# Dataset excerpt:
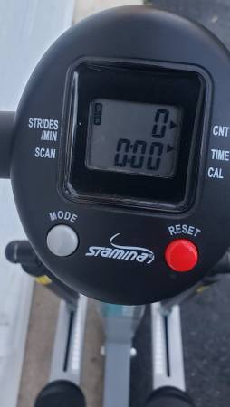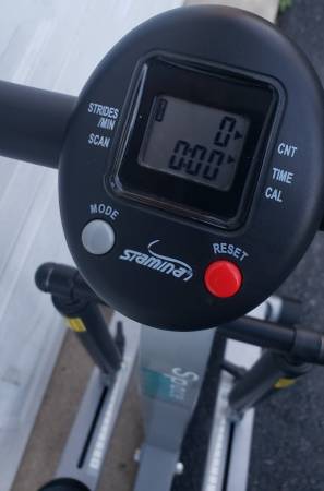 - Battery-operated electronic monitor tracks number of steps per minute, number of steps during the workout, workout time, and calories burned
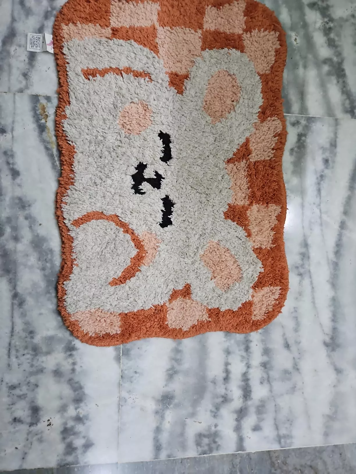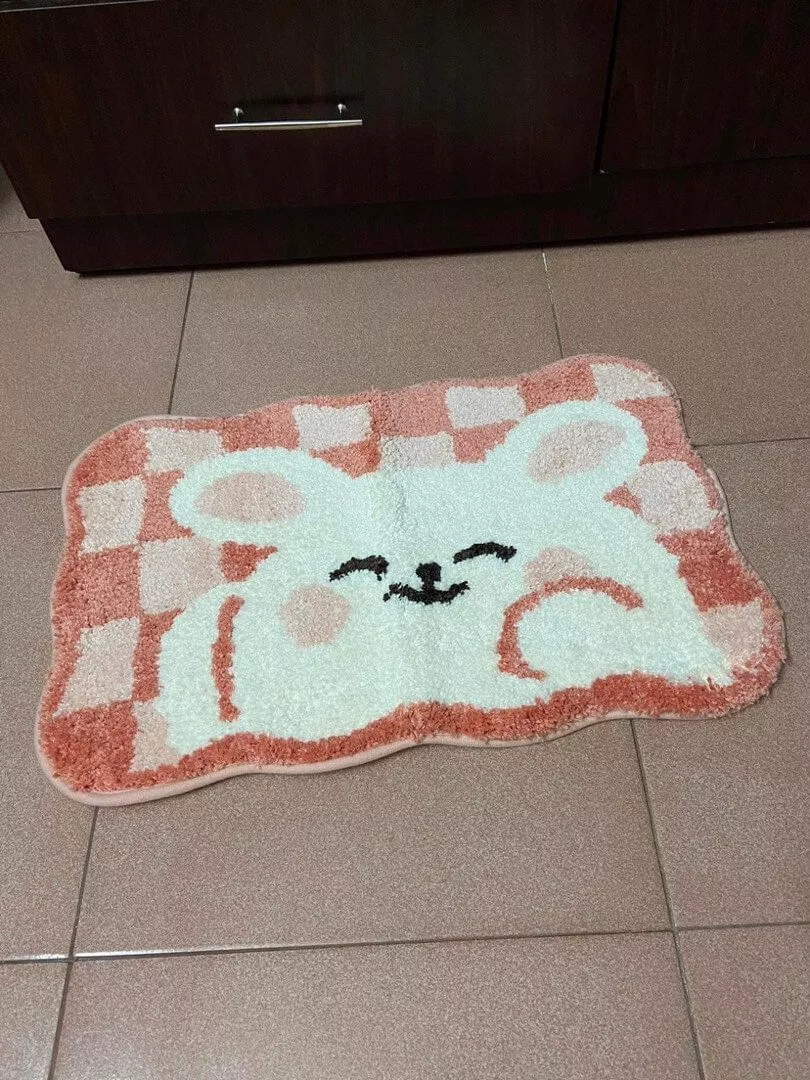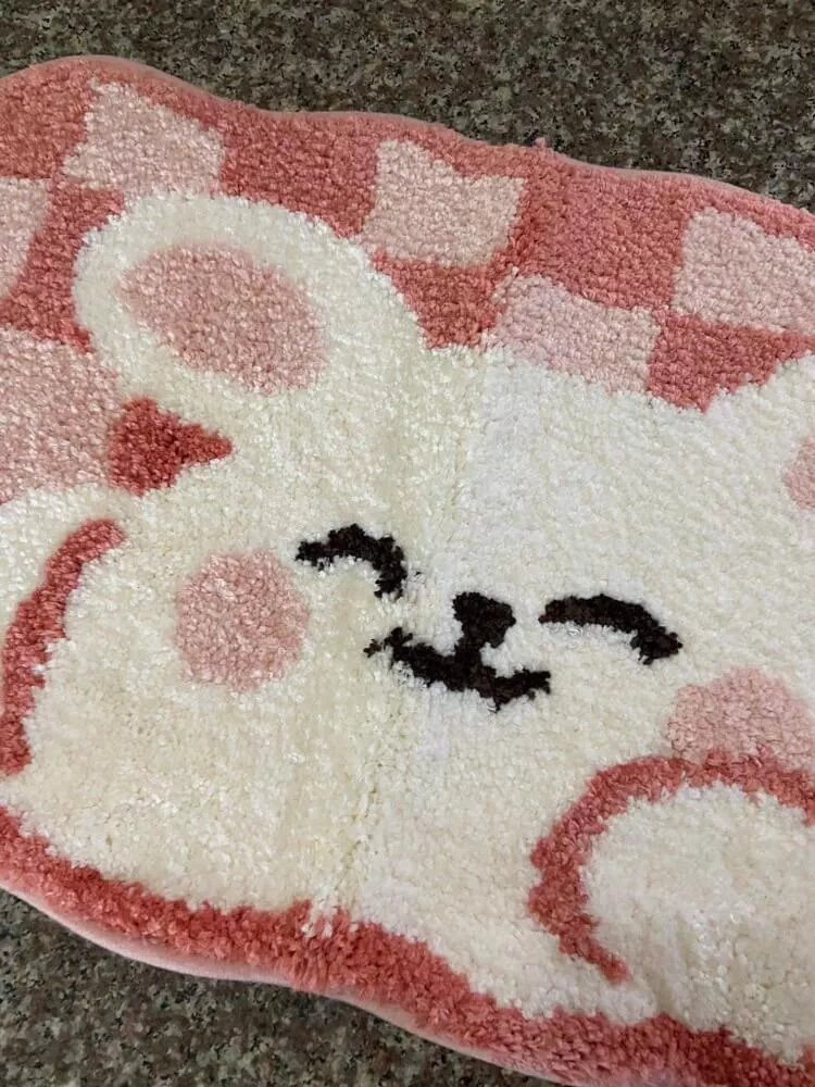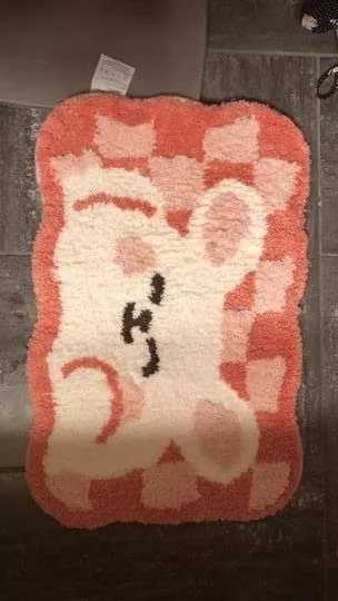 This mat is delightful, offering a thick, luxurious feel, and it washes wonderfully. I have it placed in front of my indoor bunny's litter box, surrounded by stuffed animals to create a cute environment for both of us. It's a solid 10 out of 10 in my eyes.
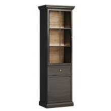 Praktická vitrína s presklenými dverami a LED osvetlením. Vnútri sú dve police na knihy alebo suveníry z ciest, ktoré budú vďaka osvetleniu skvele vystavené. Súčasťou vitríny je aj zásuvka na drobnosti a priestranná skrinka. Čiernohnedý alebo biely dekor s hlbokými prírodnými pórmi dreva má rôzne stupne lesku a pôsobí mimoriadne dynamicky a veľmi rozmanito. Kolekcia Lucca vám umožňuje voľne miešať klasický a moderný štýl.
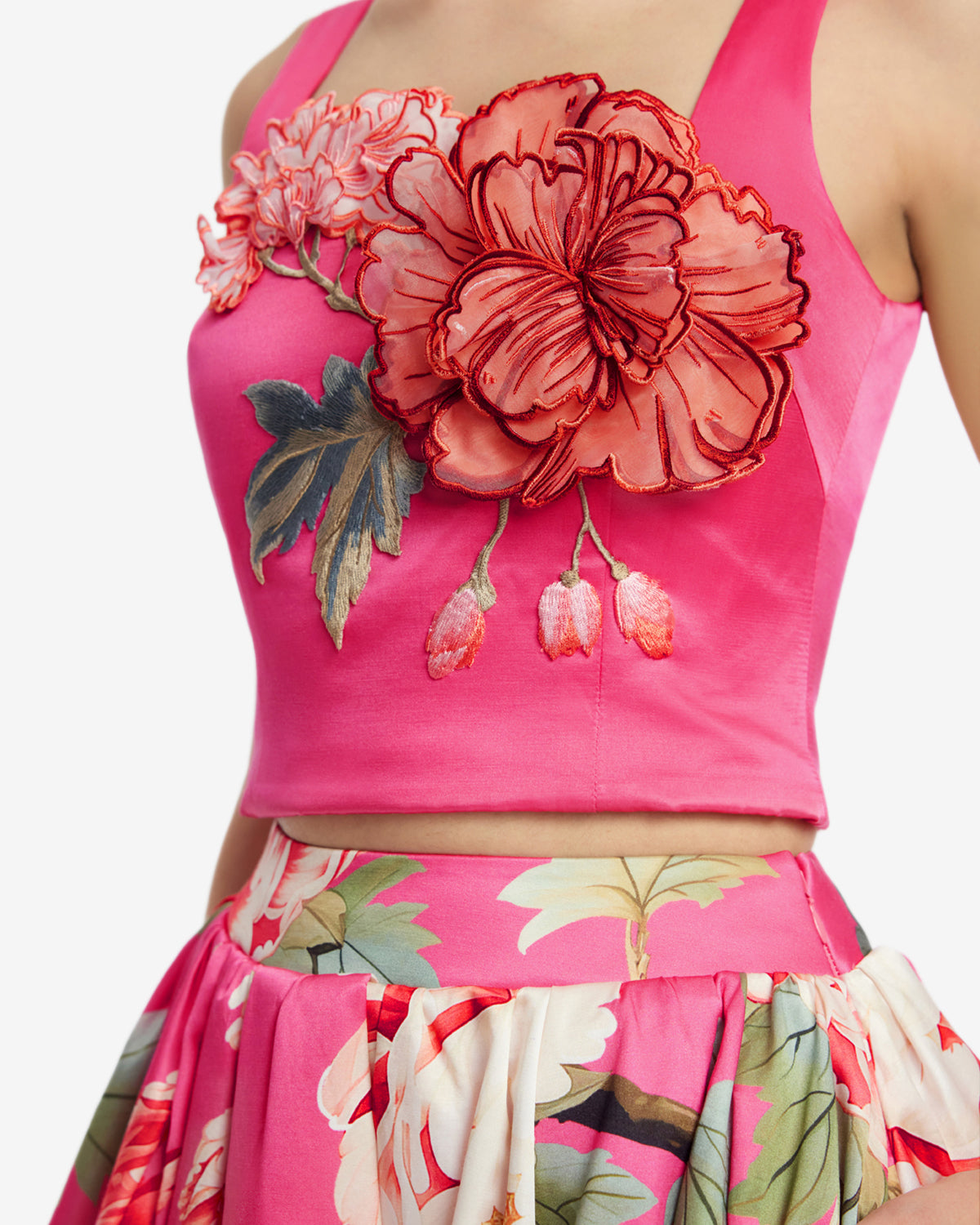 Elegant, painterly peonies in shades of cream and bright red bloom across a striking fuchsia canvas. It’s a statement, it’s romantic, and it’s perfectly dramatic.

# Directions for this task:
Only the lines from the one that holds "Praktická vitrína s" through the final line of the material should be reproduced, word for word, with the pictures omitted.

# Task response:
 Praktická vitrína s presklenými dverami a LED osvetlením. Vnútri sú dve police na knihy alebo suveníry z ciest, ktoré budú vďaka osvetleniu skvele vystavené. Súčasťou vitríny je aj zásuvka na drobnosti a priestranná skrinka. Čiernohnedý alebo biely dekor s hlbokými prírodnými pórmi dreva má rôzne stupne lesku a pôsobí mimoriadne dynamicky a veľmi rozmanito. Kolekcia Lucca vám umožňuje voľne miešať klasický a moderný štýl.
 Elegant, painterly peonies in shades of cream and bright red bloom across a striking fuchsia canvas. It’s a statement, it’s romantic, and it’s perfectly dramatic.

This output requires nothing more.